To add real detail rather than just pixels, inject noise. Run a first KSampler Advanced to about half the steps with leftover noise enabled, merge in a generated noisy latent with an Inject Noise node, then a second sampler finishes from where the first stopped. Crank the noise strength and the armor in the example sprouts fine weathering and small features. Sync the first sampler's end step to the second's start step with a shared primitive so they never drift apart.

For the highest detail, go tiled. Split the image into padded quadrants (ComfyUI has no loops yet, so you process each tile by hand), run depth plus tile ControlNet per tile with a per-tile prompt, then composite the tiles back with feathered masks to hide the seams. A final light pass with a dedicated upscale model like UltraSharp, a color match to recover the original palette, and optionally a LUT for grade, and you are done. Forty-plus nodes for one image. As the author says, you would not run this daily, but understanding it means the automated upscalers stop being a black box.

What advanced ComfyUI looks like as a production API

A workflow this hand-tuned runs beautifully in front of one operator and falls apart the moment it has to answer real traffic, because every strength value, timestep, and seed is a human decision the API cannot make per request.

Three things break when this graph becomes a product feature.

Determinism. Half the magic above is the operator watching a preview and nudging a slider. "Lower the strength a bit, try another seed, the most logical ControlNet was not the best one." That judgment does not exist behind an HTTP endpoint. You either lock the parameters that work for your use case or you expose them and let callers melt their own results.

Concurrency. ComfyUI runs one graph at a time on one card. A forty-node tiled upscale that takes a minute for you becomes a queue when ten users hit it at once, and the tenth person waits ten minutes. Disclosure: Runflow is our product, but this concurrency wall is real whether you use us or not.

Cost and operations. Keeping a card warm for a graph this heavy, with the AI and DevOps people to babysit it, is the line item teams underestimate. Running it well usually means no AI team required on your side and simple fixed pricing per call instead of a GPU you rent by the hour. Our own infrastructure work is roughly 70% cheaper than building the same thing in-house, which is the only reason the per-call number stays reasonable.

None of this is a knock on ComfyUI. It is the right place to design and tune a workflow like this. It is the wrong thing to be the live backend for software other people depend on.

How to call advanced workflows as an API

You either call a single hosted model for the parts that map to one model, or deploy the whole tuned graph as an endpoint, then poll the run until it finishes.

For the model-shaped pieces, the call is the same every time. POST your inputs to a model's run endpoint, get a run ID, poll it.

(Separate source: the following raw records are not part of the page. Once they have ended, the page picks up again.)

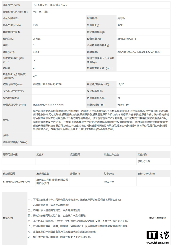 蔚来ES 9全尺寸SUV完成申报:车长超5.3米、前后电机功率180 kW+340 kW,今年二季度发布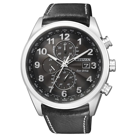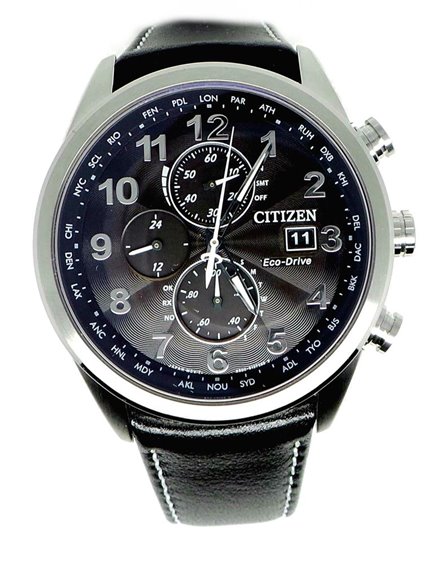 Movimento: Eco-Drive (a carica luce infinita) con riserva di carica di 10 mesi ed indicatore livello di carica sul quadrante. Funzioni: Radiocontrollato a 5 canali: ricezione segnale orario USA, Europa, Giappone, Cina.World time con orario di 26 città del mondo e ora UTC. Cronografo a 1/5 di sec. Calendario perpetuo. Caratteristiche: Cassa in acciaio, bracciale in acciaio o cinturino in morbida pelle. Vetro zaffiro. WR 20 bar. Dimensioni: Diametro cassa 43 mm Prodotto nuovo e originale, munito di manuale di istruzioni e GARANZIA INTERNAZIONALE Citizen di 24 mesi.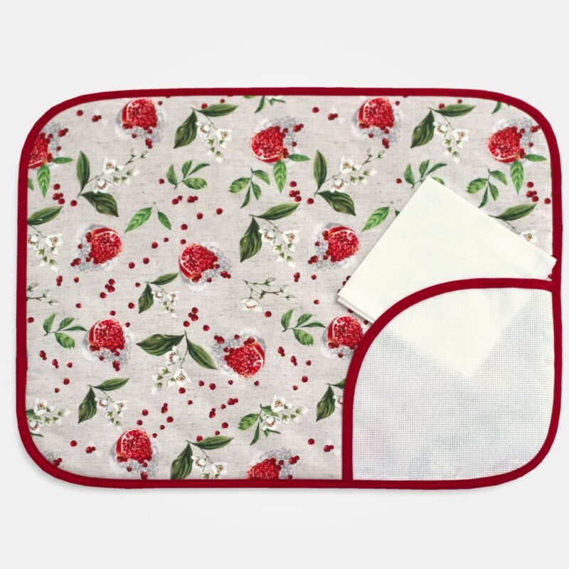 Tovaglietta americana con retro trapuntato, realizzata con un vivace tessuto in fantasia melograni con tasca in tela Aida 55 fori e tovagliolo.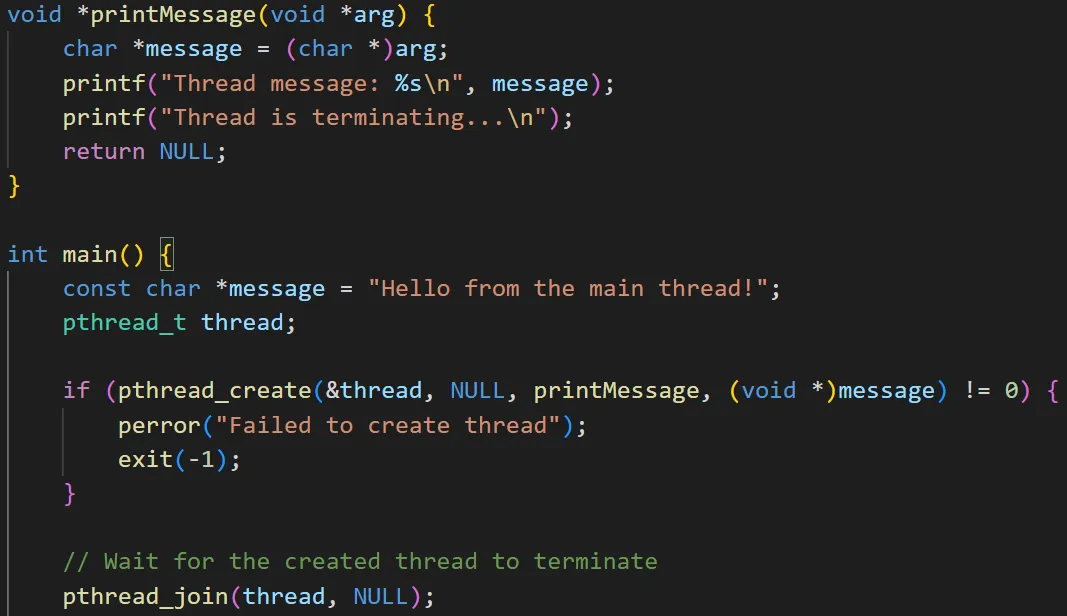 Section titled “Thread Termination/Multi-threaded Process Termination”To terminate, the thread calls pthread_exit()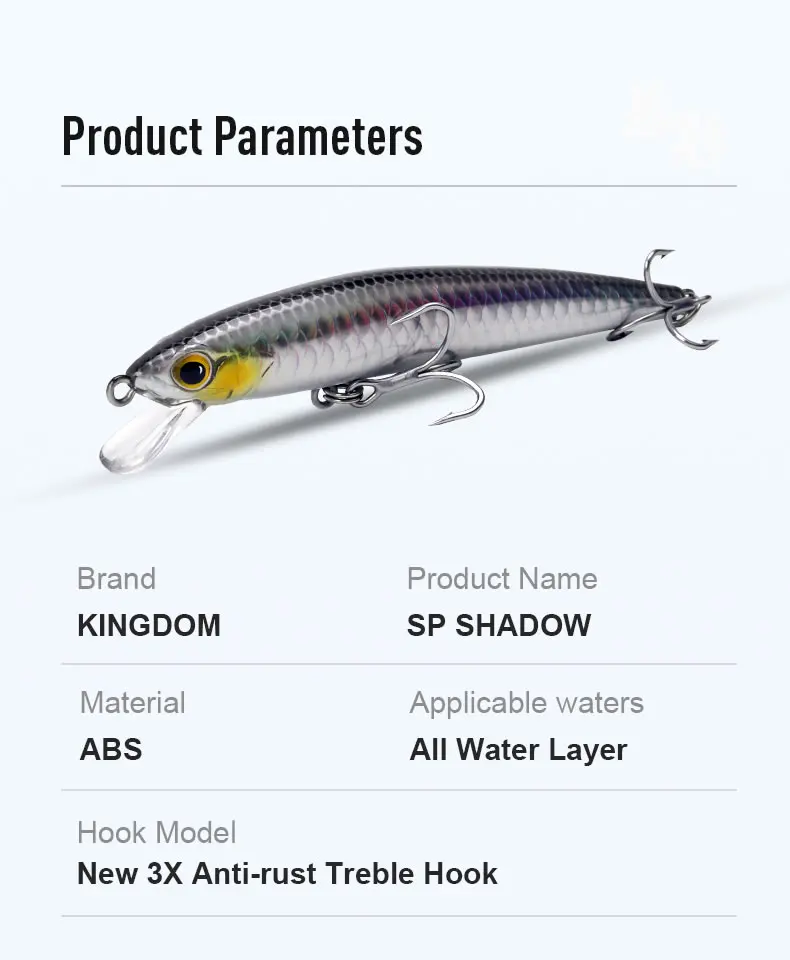 Señuelo de pesca KINGDOM SP Shadow, Minnow suspendido, 80mm, 95mm, 110mm, Wobblers artificiales de alta resistencia, Señuelos de aparejos de cebo duro Jerkbait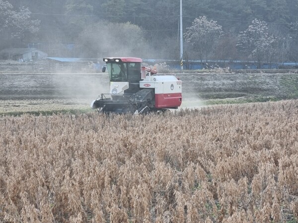 군은 농촌 고령화로 인한 인력 부족 문제를 해결하고 농가의 영농부담을 덜어주기 위해 콩콤바인 7대를 투입, 11월 말까지 관내 12개 읍·면 101개 농가 128ha 규모의 농지를 대상으로 콩 수확작업 지원에 나섰다.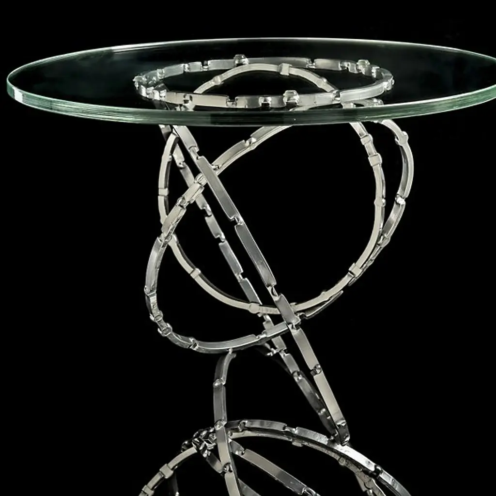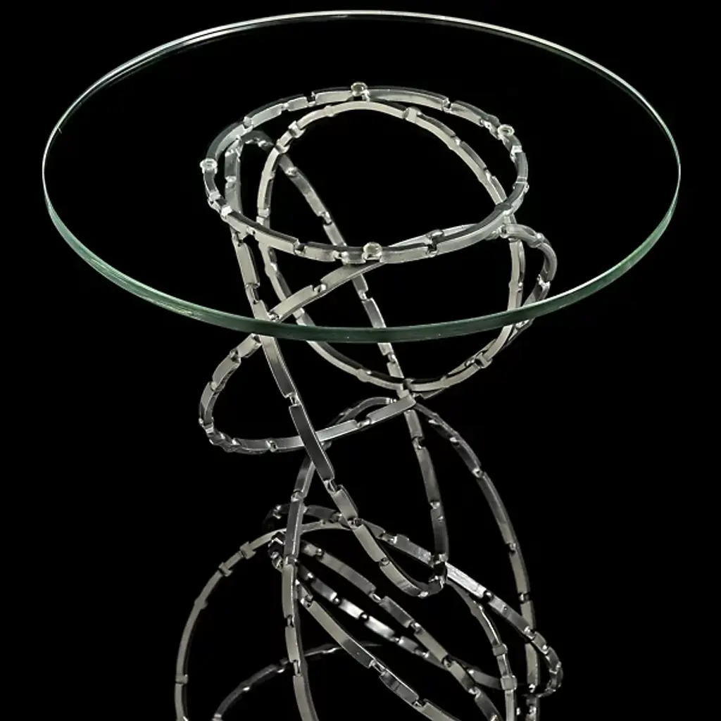 The ideal piece to bring a playful sense of movement to sophisticated interiors. The Olympus Glass Top Accent Table by Hubbardton Forge was designed by David Martin to evoke puzzle rings. Numerous hand-forged, hammered and stamped steel rings are arranged and welded together to create the dynamic base. In a living room or bedroom, this terrific tangle of metal rings is visible from all directions thanks to the side table’s tempered glass top.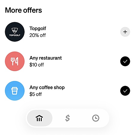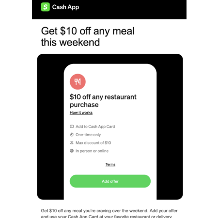 I just got an email titled "Get $10 off your next meal" from Cash App by Square. Went over to Cash App on my phone, and saw the other offer for $5 off coffee shops too.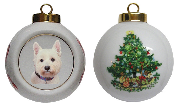 This porcelain ball ornament will make a perfect addition to any tree. The ornament features a rendition of a West Highland Terrier on the face with a Christmas tree and holly decorating this beautiful keepsake. Great to give as a gift for that merry West Highland Terrier loving person. Measures 2.5 inches in diameter.
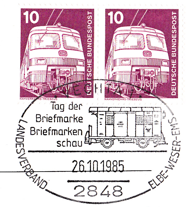 Auch dieser Sonderstempel vom 26.10.1985 aus Vechta zeiht einen Bahnpostwagen.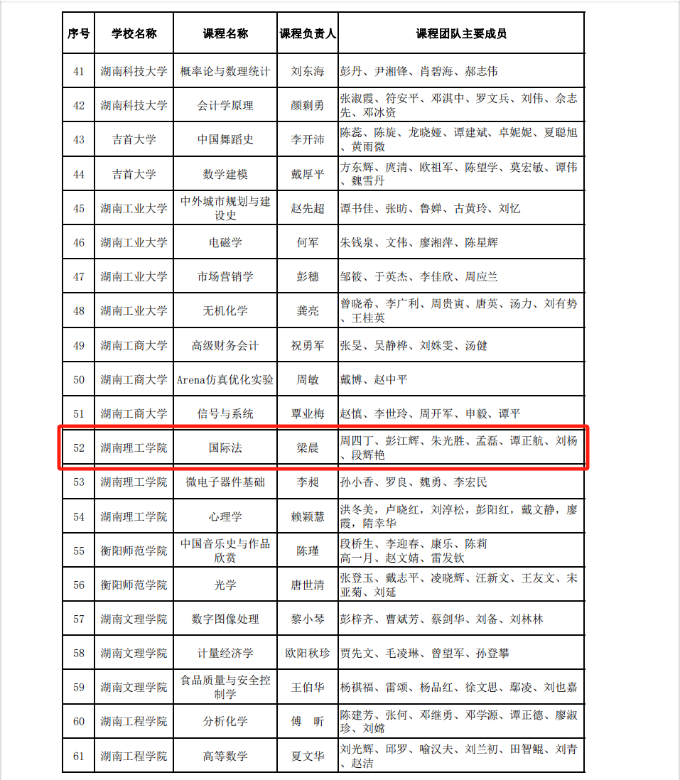 近日,湖南省教育厅印发了《关于公布2023年湖南省课程思政示范课程名单的通知》(湘教通〔2023〕351号)文件,公布了2023年湖南省课程思政示范课程的评审结果。我院教师梁晨副教授主持申报的《国际法》课程被认定为2023年湖南省课程思政示范课程,梁晨老师被认定为湖南省课程思政教学名师,《国际法》课程团队(梁晨、周四丁、彭江辉、朱光胜、孟磊、谭正航、刘杨、段辉艳)被认定为湖南省课程思政教学团队。这是我院深入贯彻落实立德树人根本任务、全面推进课程思政建设所取得的一项重要成果。

# Submit a run against a hosted model
curl -X POST https://api.runflow.io/v1/models/black-forest-labs/flux-dev/runs \
  -H "Authorization: Bearer rf_live_your_key" \
  -H "Content-Type: application/json" \
  -d '{
    "input": {
      "prompt": "cyberpunk woman in sci-fi metal armor, neon palette, sharp detail"
    }
  }'

You get back a run ID. Poll it until the status reads finished:

curl https://api.runflow.io/v1/runs/RUN_ID \
  -H "Authorization: Bearer rf_live_your_key"

Wrapped in a small loop, that is the whole integration:

import requests, time

BASE = "https://api.runflow.io/v1"
HEAD = {"Authorization": "Bearer rf_live_your_key"}
MODEL = "black-forest-labs/flux-dev"

run = requests.post(
    f"{BASE}/models/{MODEL}/runs",
    headers=HEAD,
    json={"input": {"prompt": "cyberpunk woman in sci-fi metal armor, neon palette"}},
).json()

run_id = run["id"]
while True:
    r = requests.get(f"{BASE}/runs/{run_id}", headers=HEAD).json()
    if r["status"] in ("succeeded", "failed"):
        print(r)
        break
    time.sleep(2)

Concurrency, retries, and failover are handled for you, so the tenth caller is not stuck behind nine others. Any model swaps in by changing the slug, and there are 700-plus of them in the Runflow model catalog. The ComfyUI API developer guide is the pillar to read next for the integration patterns at scale.

The multi-ControlNet, tiled-upscale graph above is not one model, though, it is a whole pipeline. For that you deploy the graph itself. ComfyUI Deploy takes your exported workflow JSON and runs it as a hosted endpoint on a real GPU, so the forty-node monster you tuned by hand ships exactly as-is, parameters and all. If you want patterns for keeping those graphs reliable under load, the production-ready ComfyUI workflows guide and the Solutions API overview are the next stops.

Frequently asked questions

What does an advanced ComfyUI tutorial actually cover?
The level past prompt-and-generate: how the starting noise already encodes the composition, how ControlNet conditions the latent throughout sampling, how strength and timestepping fine-tune that influence, and how upscaling is really controlled re-noising at higher resolution.

How does noise control the composition in ComfyUI?
The starting latent noise holds the image structure before any step runs, decided in the first few steps. Feed your own noise instead of an empty latent, or mask part of it with a Set Latent Noise Mask, and you steer the composition before sampling even begins.

What is ControlNet timestepping and why use it?
Timestepping uses the start and end percent fields on Apply ControlNet Advanced to control when the conditioning is active. Because early steps own composition and late steps own detail, a high-strength ControlNet that stops partway locks the structure while letting the prompt finish the style.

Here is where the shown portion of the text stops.